The question is whether the transfer of a pension plan should be considered a "termination" of that plan, Scalia writes.

The court has ruled that it does not, based on the interpretation of the law by the Pension Benefit Guaranty Corp, which sided with Crown.

The court, Scalia writes, has "traditionally deferred to the PBGC when interpreting ERISA," and its ruling was based in large part only in determining if the PBGC interpretation made sense in the Crown case.

In short, Scalia writes, "we believe it is."

The PBGC has determined that a termination of a plan and a merger agreement between plans are different in many ways, not the least of which is that there are different sections in the law for each, Scalia writes.

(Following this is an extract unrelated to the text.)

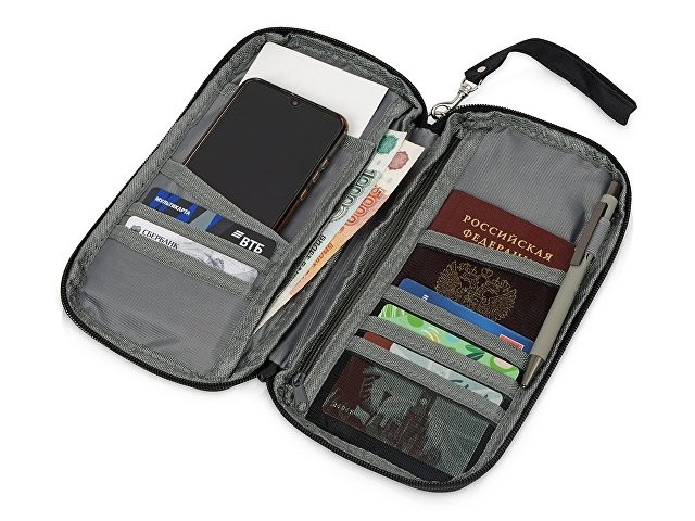 Органайзер для документов "Keep Safe" – незаменимый аксессуар для современного путешественника. Он позволяет держать под рукой все важные документы и легко извлекать их при необходимости. Изготовлен из плотного текстиля, который устойчив к износу и при необходимости легко чистится. • Несколько отделений разной формы позволяют разместить паспорт, проездные билеты, путевки, пластиковые карточки, удостоверения и другие важные документы • Плотные стенки надежно защищают содержимое от деформации и обеспечивают сохранность документов во время длительной транспортировки • Крепление для ручки фиксирует письменные принадлежности, и они не выпадут при открытии органайзера • Ремешок делает органайзер удобным для переноски в руке

Scalia writes that the termination of a plan represents the removal of that plan's assets and liabilities from the PBGC's coverage, while the merger would simply shift it between different employers and force beneficiaries of the terminated plan to rely on the multi-employer plan's financial strength.

Interpreting a merger as a termination would also strip the company–Crown, in this case–from reaping the surplus of an overfunded plan, Scalia writes.

"For employers, the ill effects are demonstrated by the facts of this very case," Scalia writes. "By diligently funding its pension plans, Crown became the bait for a union bent on obtaining a surplus that was rightfully Crown's."